There’s no Zoom fatigue in Rhetoric and Writing 306, just 20 or so students vying for the top of the leaderboard. 

That’s because the class isn’t just a class — it’s a video game designed by rhetoric and writing Ph.D. candidate Amy Tuttle-Charron. She livestreams weekly on the streaming platform Twitch instead of hosting Zoom lectures. Students must earn enough points by the end of the semester to achieve their target grade in the class.

Students have four major assignments, each worth 25 levels. They also have the option to complete extra credit “grind” work every week that earns them XP points and can help them level up. There is a wide range of possibilities for grind work, from organizing sources for an upcoming paper to reading poetry to voting. 

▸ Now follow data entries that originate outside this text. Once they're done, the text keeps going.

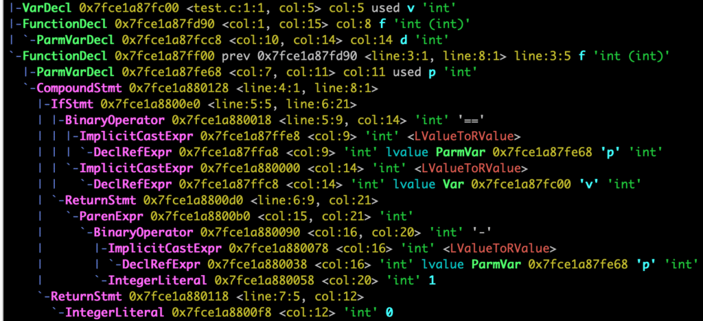 Já a AST produzida pelo Clang para o mesmo programa test.c é a seguinte.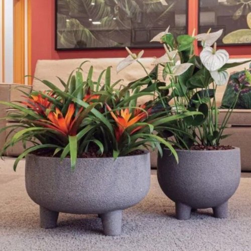 O lançamento do vaso redondo rústico com pés é uma ótima opção para quem busca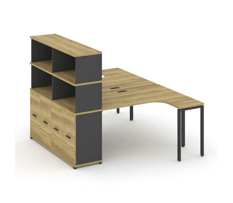 Concept Рабочая станция с опорным распаш. шкафом с надставкой выс. CN.DSA-216 A Дуб Винченцо/Антраци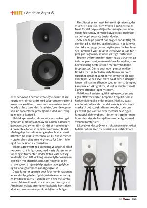 Vi fikk også anledning til å teste produsentens egen effektforsterker, Amphion Amp500, som vi hadde tilgjengelig under testen. Med 330 watt per kanal ved fire ohm er det umulig å ikke legge merke til det store kraftoverskuddet, noe som gir svært god kontroll over membranene og en fantastisk definert bass – det er nettopp her man hører den største forskjellen sammenlignet med svakere forsterkere.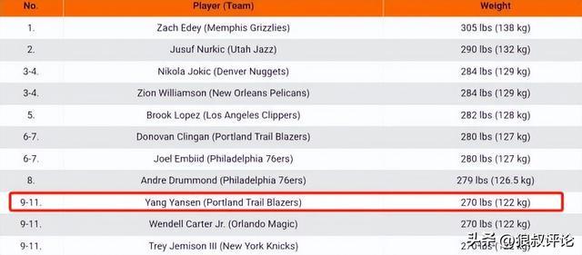 其实(增重速度)已经很快了,他在整个NBA体重已经排第九了,已经不轻了,再涨体重就不是那个事,要考虑能不能负荷,杨瀚森最好的体重最好不应超过125公斤,再涨到130公斤就影响你的移动能力,目标应该是保持体重,提升肌肉含量,提升对抗。卧推也得提高,中锋里面,卧推力量是最重要的,篮下对抗,篮板球手要起来。杨瀚森去NBA之前,卧推推不起100公斤,联合试训才95公斤,CBA很多球员能推120公斤,杨瀚森还小(当时不足20岁)。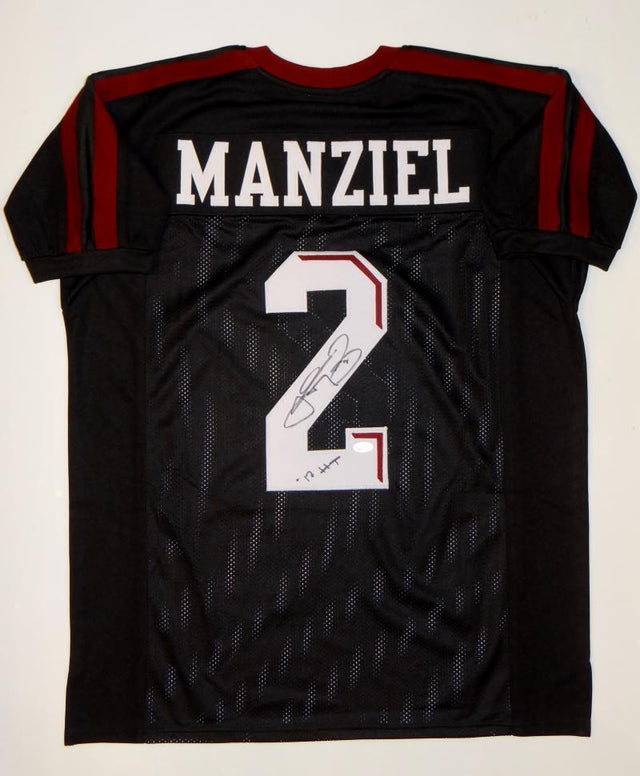 Own a piece of football history with this hand-signed Johnny Manziel custom jersey—a must-have for collectors and devoted fans alike! This authentic-style jersey features stitched letters and numbers and is a high-quality custom piece designed for display. While this is not an NCAA-licensed jersey and contains no logos, tags, or emblems, it is a stunning tribute to the legendary quarterback known for his electrifying plays.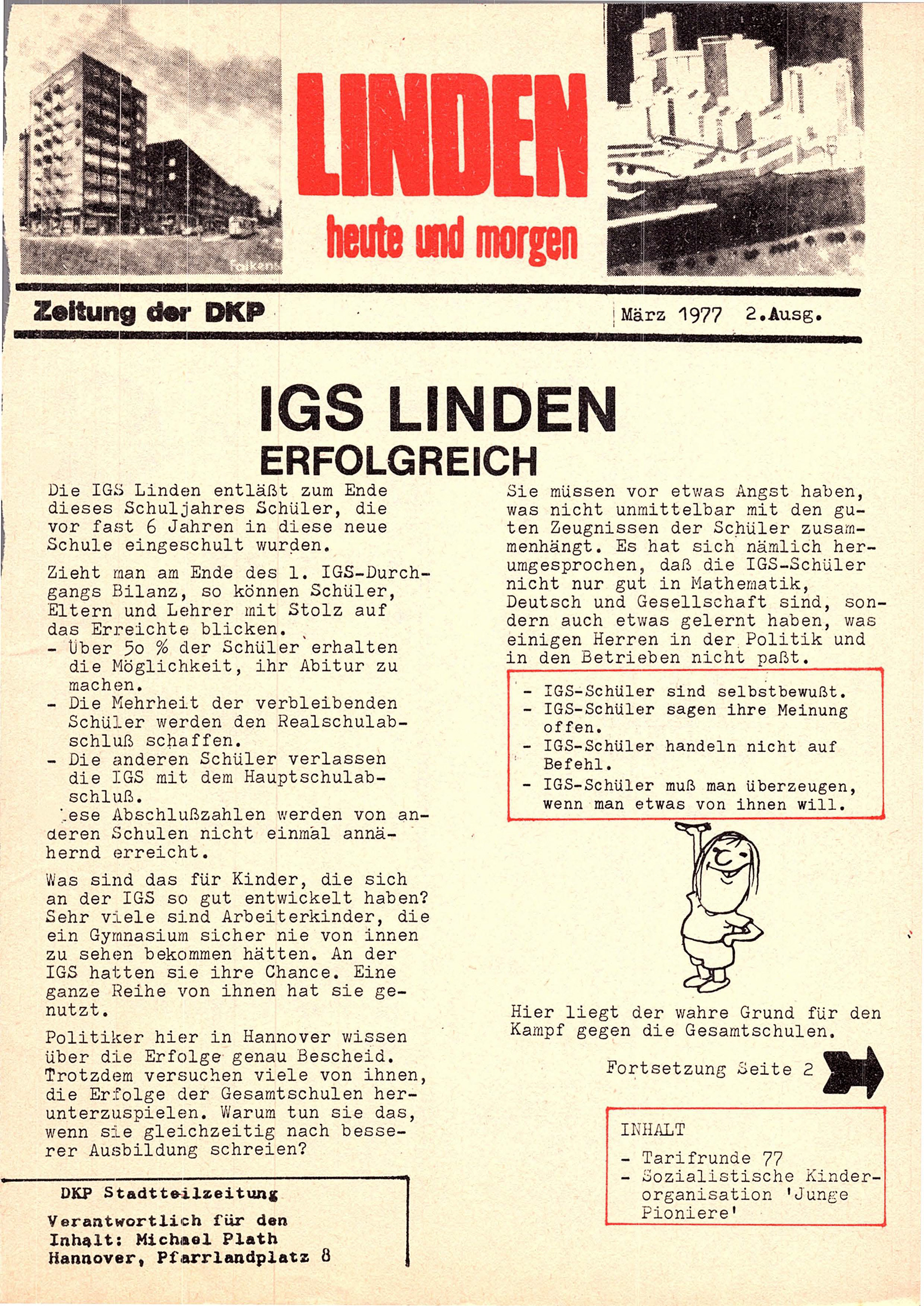Die Ausgabe von "Linden heute und morgen" aus dem März 1977 berichtet über diverse lokale und politische Themen, darunter die Erfolge der Integrierten Gesamtschule (IGS) Linden, soziale Ungerechtigkeiten und die Tarifrunde im öffentlichen Dienst. Die IGS Linden wird für ihre innovativen Bildungsansätze gelobt, die Schülern aus Arbeiterfamilien den Zugang zu besseren Bildungsabschlüssen ermöglichten. Trotz ihrer Erfolge wird die Gesamtschule politisch angegriffen, was die Deutsche Kommunistische Partei (DKP) als Kampf gegen selbstbewusste und unabhängige Schüler deutet.

Tuttle-Charron hosts lectures on Twitch, and students use Discord to set up peer reviews. Twitch and Discord are platforms that video game players often use to watch others play, communicate and play together. 

Tuttle-Charron said she designed the class to help incoming freshmen adjust to the pace of college. 

“I wanted to strike the balance between the feedback loop of encouragement and nurturing,” Tuttle-Charron said. “Students are free to fail and try things.”  

Architecture junior Maya Shamir was at the top of the leaderboard the week of Halloween. 

“Depending on how everyone’s week is, the amount of work they do varies a lot week by week,” Shamir said. “This is for sure true for me.”

 



Tuttle-Charron said her main philosophy for the class is putting responsibility back into the students’ hands. 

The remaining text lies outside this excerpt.